* **Requirement**
Transcribe the entries exactly as given and skip whatever images they hold.

* **Material for this task**
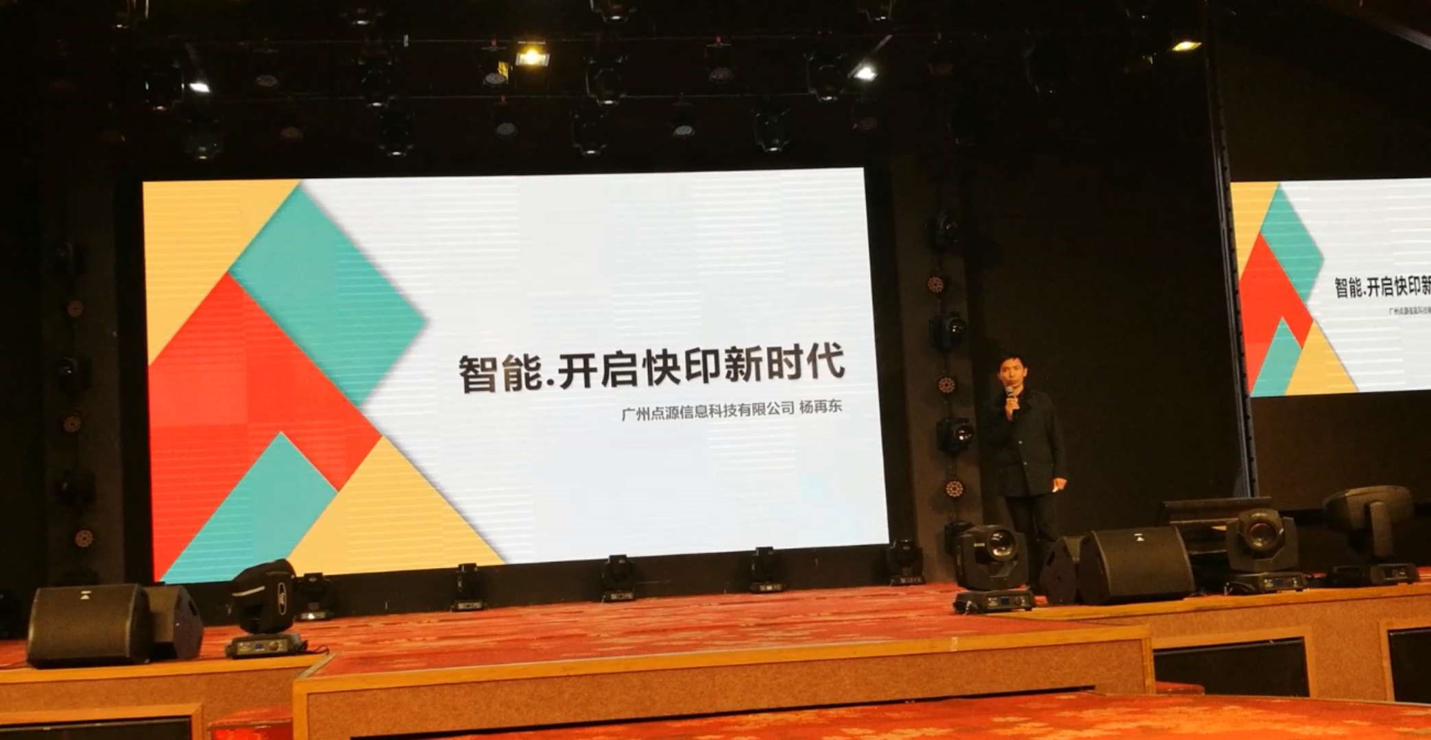 2017年12月16-17日,在杭州隆重召開了“超級店長年度盛典2018暨數碼印刷行業年會”,來自全國700多名數碼印刷行業的達人參加了此次盛會,再次引起大會轟動的是演講嘉賓廣州點源信息科技有限公司技術總監楊再東主講的“智能.開啟快印新時代”主題報告,短短20分鍾的演講詮釋了點源快印通軟件是如何通過智能“機器人”完成快印企業自定義各種印前處理業務單元,讓現場參會人員真正感受到智能快印新時代到來!
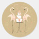 A fun, stylish wedding design with a retro touch. A pair of peach flamingos stand either side of a weddiing cake with peach hearts, confetti, gold rings and curves against a neutral brown colour-change background. A customizable design for you to personalise with your own text, images and ideas. An original digital art image.
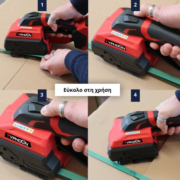 Το Typhoon είναι φορητό ηλεκτρικό εργαλείο δεσίματος με μπαταρία, ιδανικό για εφαρμογές δεσίματος με πλαστική ταινία PP/PET 13–16 mm σε βιομηχανίες, αποθήκες και κέντρα logistics. Συνδυάζει αυτόματο ήμι-αυτόματο και χειροκίνητο τρόπο λειτουργίας, επιτρέποντας να εναλλάσσεται εύκολα ο τρόπος εργασίας ανάλογα με τις ανάγκες.
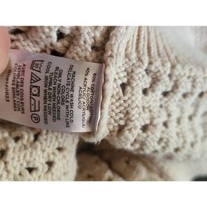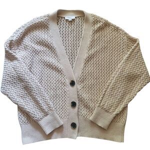 LOFT Cardigan Sweater Women's Large Tan Open Knit Crochet V Neck Cotton
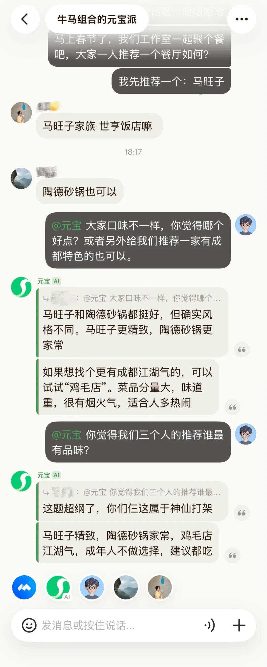 元宝派不仅功能强大,而且还很靠谱。小锦尝试在工作室同事建的元宝派里,让它给我们安排一下春节聚餐的地方,它推荐的地点一看就是个“成都老吃家”,聊天的风格又像是多了一个调皮新同事,让工作的心情也轻松了不少。
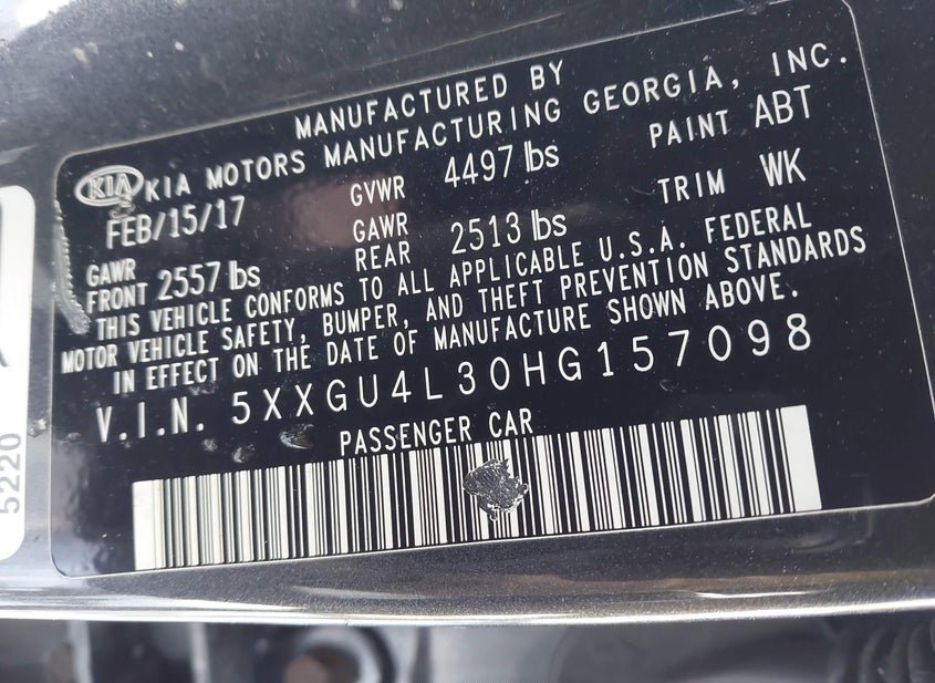 - VIN: 5XXGU4L30HG157098
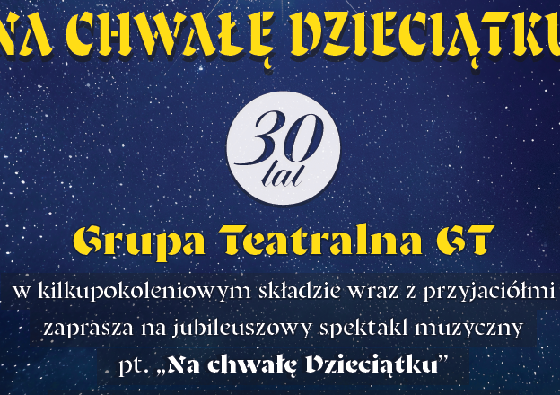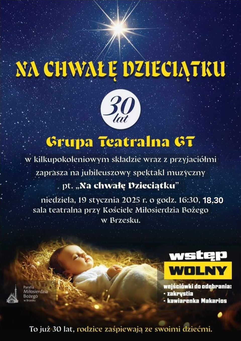 Grupa Teatralna GT świętująca 30-lecie swej działalności w kilkupokoleniowym składzie wraz z przyjaciołmi zaprasza na jubileuszowy spektakl muzyczny pt. "Na chwałę Dzieciątku" w niedzielę 19 stycznia 2025 r. o godz. 16:30 i 18.30 do sali teatralnej przy Kościele Miłosierdzia Bożego w Brzesku. Rodzice wystąpią ze swoimi dziećmi. Wejściówki do odbioru w zakrystii kościoła , w kawiarence Makarios, a na 18:30 dodatkowo przed samym występem.
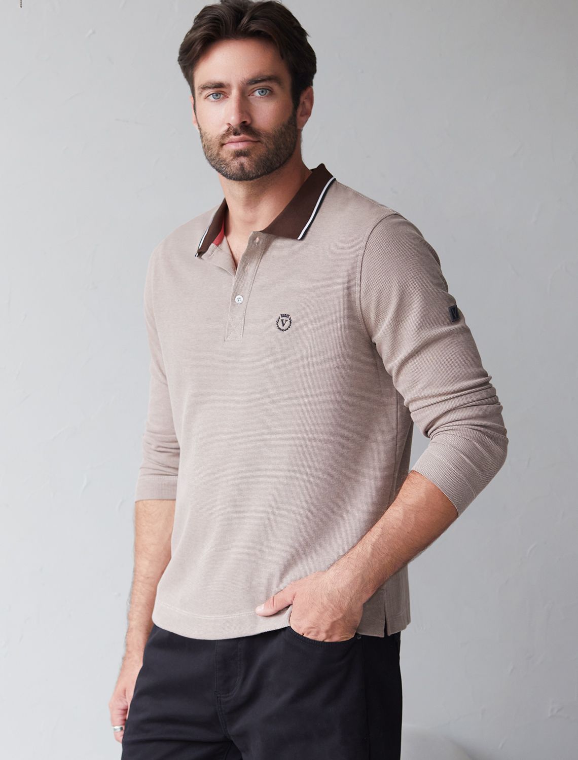 Стильный лонгслив коричневого цвета с плетеным воротником поло с застежкой на пуговицы выполнен из премиального хлопка в сочетании с эластаном .Невероятно мягкая ткань из натуральных волокон - она едва ощутима на коже и словно обнимает тело. Материал при касании кажется бархатистым, при движении он словно повторяет все мельчайшие линии фигуры. По свойствам материал сочетает в себе практичность и нежность: отлично провускает воздух, сохраняя ощущение свежести в течение всего дня, при этом созраняет тепло в прохладную погоду.Идеально подходит для чувствительной кожи, не вызывает раздражения и дискомфорта. Удобный отложной воротник делает образ современным и стильным, а длинные рукава с манжетами защищают руки при ветреной погоде.
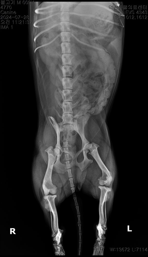 마지막 사진은 촬영할때 환자가 몸을 꼬아서 뒤틀려진 고관절이 찍힌 사진으로 이 사진으로는 고관절 탈구를 평가하면 안됩니다. 앞 사진에서는 탈구가 관찰되지 않고, 특히 연골이형성품종에 해당하는 환자이기 때문에 정상범주가 매우 높습니다. 주치의의 상담을 받으시기 바랍니다.
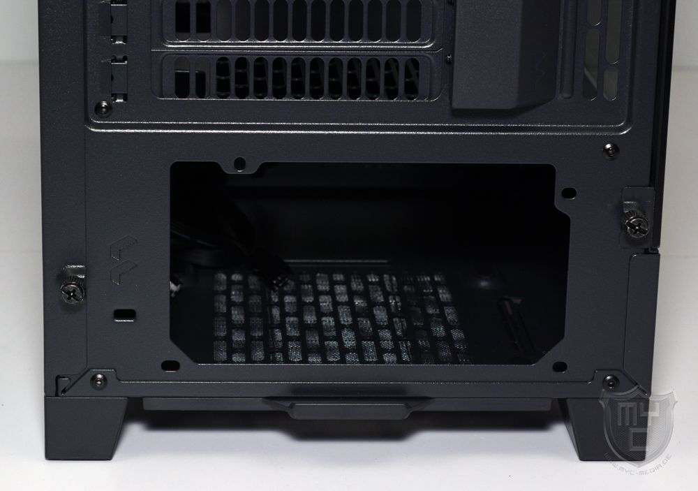 Der Einbauplatz für das ATX-Netzteil befindet sich am Gehäuseboden und verfügt über vier Montagebohrungen, durch welche sich das Netzteil grundlegend nur in einer Richtung montieren lässt.
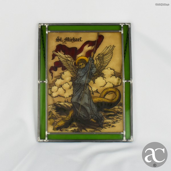 Quadro em vidro, pintado à mão, alusivo a St. Michael
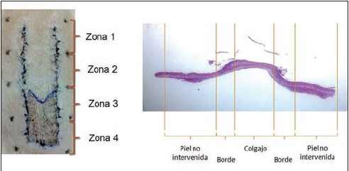 A la semana de la intervención quirúrgica llevamos a cabo la eutanasia de los animales con solución de eutanasia 0.1 ml administrada a nivel intratorácico. Tomamos imágenes digitales del colgajo a una distancia estandarizada para su posterior análisis en computadora mediante el programa ImageJ 1.45s. Categorizamos las zonas en áreas necróticas y área total, manteniendo como bordes los límites del colgajo. Expresamos los resultados en áreas de necrosis en relación al área total del colgajo. Además, identificamos distintos grados de necrosis en el colgajo cutáneo aleatorio al séptimo día de postoperatorio tomando en cuenta características al examen físico y cambios histopatológicos. Realizamos una clasificación de necrosis otorgando una puntuación del 0 al 3 desde piel sana hasta colgajo con necrosis de mayor grado. Por último, obtuvimos una puntuación de necrosis multiplicando el área de necrosis y la puntuación según la clasificación.
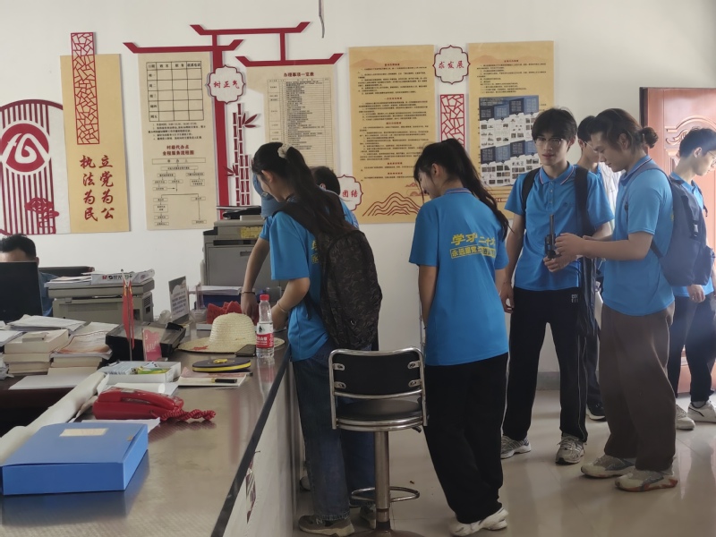 调研第一步,实践团来到元通村和当地负责人和农民进行交谈和采访。步入夏阁镇元通村,第一眼看到的是蜿蜒向前的一条小路,小路两边是一户又一户人家,门前坐着乘凉的老人,在他们的热情问候下,实践团来到了调研的第一站:夏阁镇元通村党群服务中心。周诚书记对调研团队的到来表示欢迎,并初步介绍了当地的产业现状。
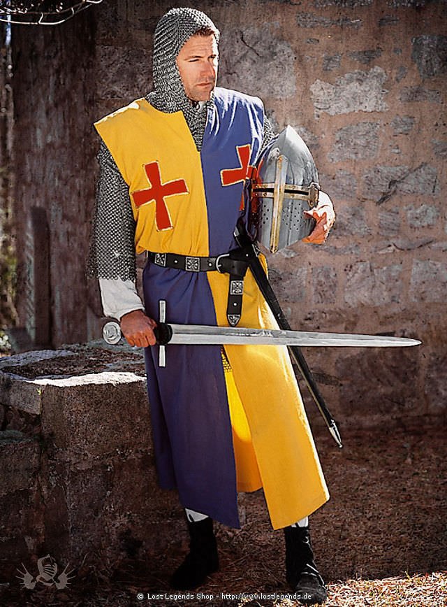 Wadenlanger Blau-gelber Wappenrock mit roten, goldumrandeten Kreuzen. Typisches Wappenkleid über der Kettenrüstung. Schlitze erleichtern das bequeme Gehen zu fuß oder Aufsteigen aufs Pferd.

* **Result**
 2017年12月16-17日,在杭州隆重召開了“超級店長年度盛典2018暨數碼印刷行業年會”,來自全國700多名數碼印刷行業的達人參加了此次盛會,再次引起大會轟動的是演講嘉賓廣州點源信息科技有限公司技術總監楊再東主講的“智能.開啟快印新時代”主題報告,短短20分鍾的演講詮釋了點源快印通軟件是如何通過智能“機器人”完成快印企業自定義各種印前處理業務單元,讓現場參會人員真正感受到智能快印新時代到來!
 A fun, stylish wedding design with a retro touch. A pair of peach flamingos stand either side of a weddiing cake with peach hearts, confetti, gold rings and curves against a neutral brown colour-change background. A customizable design for you to personalise with your own text, images and ideas. An original digital art image.
 Το Typhoon είναι φορητό ηλεκτρικό εργαλείο δεσίματος με μπαταρία, ιδανικό για εφαρμογές δεσίματος με πλαστική ταινία PP/PET 13–16 mm σε βιομηχανίες, αποθήκες και κέντρα logistics. Συνδυάζει αυτόματο ήμι-αυτόματο και χειροκίνητο τρόπο λειτουργίας, επιτρέποντας να εναλλάσσεται εύκολα ο τρόπος εργασίας ανάλογα με τις ανάγκες.
 LOFT Cardigan Sweater Women's Large Tan Open Knit Crochet V Neck Cotton
 元宝派不仅功能强大,而且还很靠谱。小锦尝试在工作室同事建的元宝派里,让它给我们安排一下春节聚餐的地方,它推荐的地点一看就是个“成都老吃家”,聊天的风格又像是多了一个调皮新同事,让工作的心情也轻松了不少。
 - VIN: 5XXGU4L30HG157098
 Grupa Teatralna GT świętująca 30-lecie swej działalności w kilkupokoleniowym składzie wraz z przyjaciołmi zaprasza na jubileuszowy spektakl muzyczny pt. "Na chwałę Dzieciątku" w niedzielę 19 stycznia 2025 r. o godz. 16:30 i 18.30 do sali teatralnej przy Kościele Miłosierdzia Bożego w Brzesku. Rodzice wystąpią ze swoimi dziećmi. Wejściówki do odbioru w zakrystii kościoła , w kawiarence Makarios, a na 18:30 dodatkowo przed samym występem.
 Стильный лонгслив коричневого цвета с плетеным воротником поло с застежкой на пуговицы выполнен из премиального хлопка в сочетании с эластаном .Невероятно мягкая ткань из натуральных волокон - она едва ощутима на коже и словно обнимает тело. Материал при касании кажется бархатистым, при движении он словно повторяет все мельчайшие линии фигуры. По свойствам материал сочетает в себе практичность и нежность: отлично провускает воздух, сохраняя ощущение свежести в течение всего дня, при этом созраняет тепло в прохладную погоду.Идеально подходит для чувствительной кожи, не вызывает раздражения и дискомфорта. Удобный отложной воротник делает образ современным и стильным, а длинные рукава с манжетами защищают руки при ветреной погоде.
 마지막 사진은 촬영할때 환자가 몸을 꼬아서 뒤틀려진 고관절이 찍힌 사진으로 이 사진으로는 고관절 탈구를 평가하면 안됩니다. 앞 사진에서는 탈구가 관찰되지 않고, 특히 연골이형성품종에 해당하는 환자이기 때문에 정상범주가 매우 높습니다. 주치의의 상담을 받으시기 바랍니다.
 Der Einbauplatz für das ATX-Netzteil befindet sich am Gehäuseboden und verfügt über vier Montagebohrungen, durch welche sich das Netzteil grundlegend nur in einer Richtung montieren lässt.
 Quadro em vidro, pintado à mão, alusivo a St. Michael
 A la semana de la intervención quirúrgica llevamos a cabo la eutanasia de los animales con solución de eutanasia 0.1 ml administrada a nivel intratorácico. Tomamos imágenes digitales del colgajo a una distancia estandarizada para su posterior análisis en computadora mediante el programa ImageJ 1.45s. Categorizamos las zonas en áreas necróticas y área total, manteniendo como bordes los límites del colgajo. Expresamos los resultados en áreas de necrosis en relación al área total del colgajo. Además, identificamos distintos grados de necrosis en el colgajo cutáneo aleatorio al séptimo día de postoperatorio tomando en cuenta características al examen físico y cambios histopatológicos. Realizamos una clasificación de necrosis otorgando una puntuación del 0 al 3 desde piel sana hasta colgajo con necrosis de mayor grado. Por último, obtuvimos una puntuación de necrosis multiplicando el área de necrosis y la puntuación según la clasificación.
 调研第一步,实践团来到元通村和当地负责人和农民进行交谈和采访。步入夏阁镇元通村,第一眼看到的是蜿蜒向前的一条小路,小路两边是一户又一户人家,门前坐着乘凉的老人,在他们的热情问候下,实践团来到了调研的第一站:夏阁镇元通村党群服务中心。周诚书记对调研团队的到来表示欢迎,并初步介绍了当地的产业现状。
 Wadenlanger Blau-gelber Wappenrock mit roten, goldumrandeten Kreuzen. Typisches Wappenkleid über der Kettenrüstung. Schlitze erleichtern das bequeme Gehen zu fuß oder Aufsteigen aufs Pferd.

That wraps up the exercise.